* **What to produce**:
Return each line of the data below verbatim; pictures are to be left out.

* **Dataset content**:
——

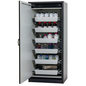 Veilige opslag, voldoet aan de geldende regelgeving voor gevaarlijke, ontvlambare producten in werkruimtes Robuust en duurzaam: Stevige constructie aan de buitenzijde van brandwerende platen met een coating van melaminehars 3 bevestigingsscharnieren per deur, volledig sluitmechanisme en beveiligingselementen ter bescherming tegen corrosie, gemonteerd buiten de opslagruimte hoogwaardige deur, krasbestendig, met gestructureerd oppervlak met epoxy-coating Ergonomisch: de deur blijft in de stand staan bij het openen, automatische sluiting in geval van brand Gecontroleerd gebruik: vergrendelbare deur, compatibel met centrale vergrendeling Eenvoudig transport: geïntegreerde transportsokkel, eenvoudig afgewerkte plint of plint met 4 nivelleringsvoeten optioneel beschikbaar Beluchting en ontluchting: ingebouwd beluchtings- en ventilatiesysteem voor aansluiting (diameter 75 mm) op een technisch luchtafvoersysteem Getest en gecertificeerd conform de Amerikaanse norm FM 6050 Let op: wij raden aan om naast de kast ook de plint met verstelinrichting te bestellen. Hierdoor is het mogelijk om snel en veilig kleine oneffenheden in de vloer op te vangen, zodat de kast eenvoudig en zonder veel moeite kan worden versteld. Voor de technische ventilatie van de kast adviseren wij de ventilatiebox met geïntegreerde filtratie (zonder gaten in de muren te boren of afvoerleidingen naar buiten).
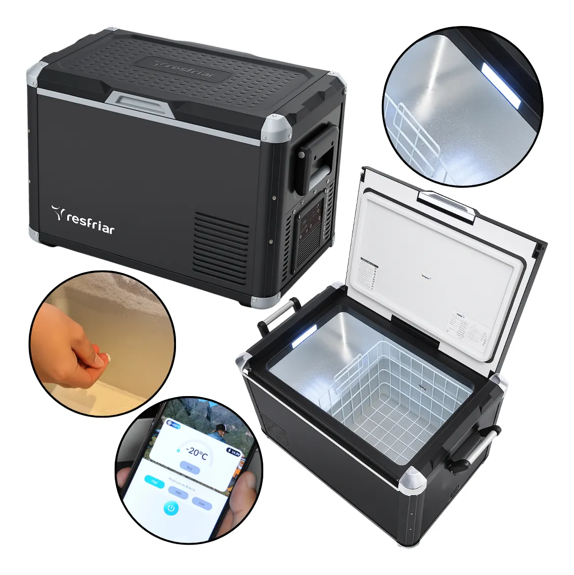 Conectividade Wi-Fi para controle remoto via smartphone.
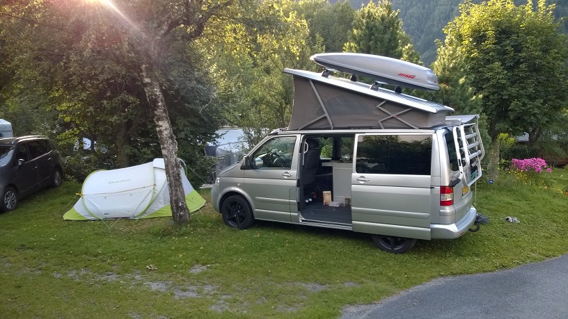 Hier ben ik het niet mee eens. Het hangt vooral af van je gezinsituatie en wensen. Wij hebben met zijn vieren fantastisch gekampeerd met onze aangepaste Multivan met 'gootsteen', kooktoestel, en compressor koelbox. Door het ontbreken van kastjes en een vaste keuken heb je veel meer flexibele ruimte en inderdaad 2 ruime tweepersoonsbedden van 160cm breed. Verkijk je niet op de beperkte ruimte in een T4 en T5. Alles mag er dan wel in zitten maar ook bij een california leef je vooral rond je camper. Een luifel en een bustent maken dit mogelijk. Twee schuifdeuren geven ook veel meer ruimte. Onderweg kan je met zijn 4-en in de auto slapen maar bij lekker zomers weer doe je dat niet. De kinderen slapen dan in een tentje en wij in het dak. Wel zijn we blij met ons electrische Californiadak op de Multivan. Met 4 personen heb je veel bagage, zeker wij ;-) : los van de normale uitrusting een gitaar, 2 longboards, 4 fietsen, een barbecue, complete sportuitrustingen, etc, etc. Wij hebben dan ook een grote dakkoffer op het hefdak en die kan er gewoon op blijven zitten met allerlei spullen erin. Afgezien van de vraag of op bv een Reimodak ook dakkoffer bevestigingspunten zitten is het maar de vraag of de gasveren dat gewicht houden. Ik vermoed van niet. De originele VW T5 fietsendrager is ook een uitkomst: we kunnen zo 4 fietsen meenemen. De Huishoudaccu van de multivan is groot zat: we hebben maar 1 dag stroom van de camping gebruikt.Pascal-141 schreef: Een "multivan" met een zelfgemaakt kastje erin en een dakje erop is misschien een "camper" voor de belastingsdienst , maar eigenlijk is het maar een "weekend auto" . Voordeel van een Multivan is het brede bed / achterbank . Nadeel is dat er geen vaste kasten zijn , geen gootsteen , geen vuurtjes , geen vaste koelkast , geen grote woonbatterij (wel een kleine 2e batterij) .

——

* **Response area**:
 Veilige opslag, voldoet aan de geldende regelgeving voor gevaarlijke, ontvlambare producten in werkruimtes Robuust en duurzaam: Stevige constructie aan de buitenzijde van brandwerende platen met een coating van melaminehars 3 bevestigingsscharnieren per deur, volledig sluitmechanisme en beveiligingselementen ter bescherming tegen corrosie, gemonteerd buiten de opslagruimte hoogwaardige deur, krasbestendig, met gestructureerd oppervlak met epoxy-coating Ergonomisch: de deur blijft in de stand staan bij het openen, automatische sluiting in geval van brand Gecontroleerd gebruik: vergrendelbare deur, compatibel met centrale vergrendeling Eenvoudig transport: geïntegreerde transportsokkel, eenvoudig afgewerkte plint of plint met 4 nivelleringsvoeten optioneel beschikbaar Beluchting en ontluchting: ingebouwd beluchtings- en ventilatiesysteem voor aansluiting (diameter 75 mm) op een technisch luchtafvoersysteem Getest en gecertificeerd conform de Amerikaanse norm FM 6050 Let op: wij raden aan om naast de kast ook de plint met verstelinrichting te bestellen. Hierdoor is het mogelijk om snel en veilig kleine oneffenheden in de vloer op te vangen, zodat de kast eenvoudig en zonder veel moeite kan worden versteld. Voor de technische ventilatie van de kast adviseren wij de ventilatiebox met geïntegreerde filtratie (zonder gaten in de muren te boren of afvoerleidingen naar buiten).
 Conectividade Wi-Fi para controle remoto via smartphone.
 Hier ben ik het niet mee eens. Het hangt vooral af van je gezinsituatie en wensen. Wij hebben met zijn vieren fantastisch gekampeerd met onze aangepaste Multivan met 'gootsteen', kooktoestel, en compressor koelbox. Door het ontbreken van kastjes en een vaste keuken heb je veel meer flexibele ruimte en inderdaad 2 ruime tweepersoonsbedden van 160cm breed. Verkijk je niet op de beperkte ruimte in een T4 en T5. Alles mag er dan wel in zitten maar ook bij een california leef je vooral rond je camper. Een luifel en een bustent maken dit mogelijk. Twee schuifdeuren geven ook veel meer ruimte. Onderweg kan je met zijn 4-en in de auto slapen maar bij lekker zomers weer doe je dat niet. De kinderen slapen dan in een tentje en wij in het dak. Wel zijn we blij met ons electrische Californiadak op de Multivan. Met 4 personen heb je veel bagage, zeker wij ;-) : los van de normale uitrusting een gitaar, 2 longboards, 4 fietsen, een barbecue, complete sportuitrustingen, etc, etc. Wij hebben dan ook een grote dakkoffer op het hefdak en die kan er gewoon op blijven zitten met allerlei spullen erin. Afgezien van de vraag of op bv een Reimodak ook dakkoffer bevestigingspunten zitten is het maar de vraag of de gasveren dat gewicht houden. Ik vermoed van niet. De originele VW T5 fietsendrager is ook een uitkomst: we kunnen zo 4 fietsen meenemen. De Huishoudaccu van de multivan is groot zat: we hebben maar 1 dag stroom van de camping gebruikt.Pascal-141 schreef: Een "multivan" met een zelfgemaakt kastje erin en een dakje erop is misschien een "camper" voor de belastingsdienst , maar eigenlijk is het maar een "weekend auto" . Voordeel van een Multivan is het brede bed / achterbank . Nadeel is dat er geen vaste kasten zijn , geen gootsteen , geen vuurtjes , geen vaste koelkast , geen grote woonbatterij (wel een kleine 2e batterij) .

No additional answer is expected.